The competition took place on Zoom this year, making it more challenging than in past years, according to the school. The students could only practice together during the last two weeks leading up to the decathlon. In years past, students met many times before school and on weekends to study. Each team took the test at their own school.
The town of Atherton is recruiting people for several town committees.
Atherton's Bicycle and Pedestrian, Environmental Programs and Transportation committees each have a vacancy for a term that expires in June 2023, while the Parks and Recreation Committee has a vacancy for a term expiring this June. The Parks and Recreation Committee member must also be a member of the Holbrook-Palmer Park Foundation.
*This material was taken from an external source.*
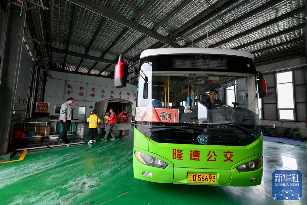 11月9日,一輛載有快遞物品的城鄉(xiāng)公交車(chē)從隆德公交公司倉(cāng)庫(kù)駛出。

The town is not filling current vacancies on the Rail Committee because it may reduce the membership size in the near future, said Deputy City Manager/City Clerk Anthony Suber in an email Wednesday, March 24. The town has reduced the membership to "up to 9" and may reduce it even further, he said. Rail service to Atherton's station ended late last year.
If laughter is the best medicine, then Woodside Priory School is offering up a hefty dose of it to combat these trying times.
The school's spring production, "Laugh Till Your Pants Catch Fire," is a collection of 10 short comic plays written by professional playwrights. The virtual production, which is offered on demand through April 4, was filmed on the Priory's stage using COVID-safe practices and features the work of student actors, a student film crew and student editors.
The family-friendly show explores different types of relationships, including a first date during a zombie apocalypse; a marriage proposal with surprising saltiness simmering below its prim, Jane Austen-inspired surface; as well as the comically bizarre turns that marriage and parenting can occasionally take.
"Laugh Till Your Pants Catch Fire" is available on demand starting at 6 p.m. Friday, March 26, through midnight on Sunday, April 4. Tickets are at a pay-what-you-can cost. More information is at here.
San Mateo County is updating a plan looking at natural hazards and how to mitigate them.
People are invited to fill out a survey here.
The survey assesses people's attitudes and experiences with, as well as preparation for natural disasters.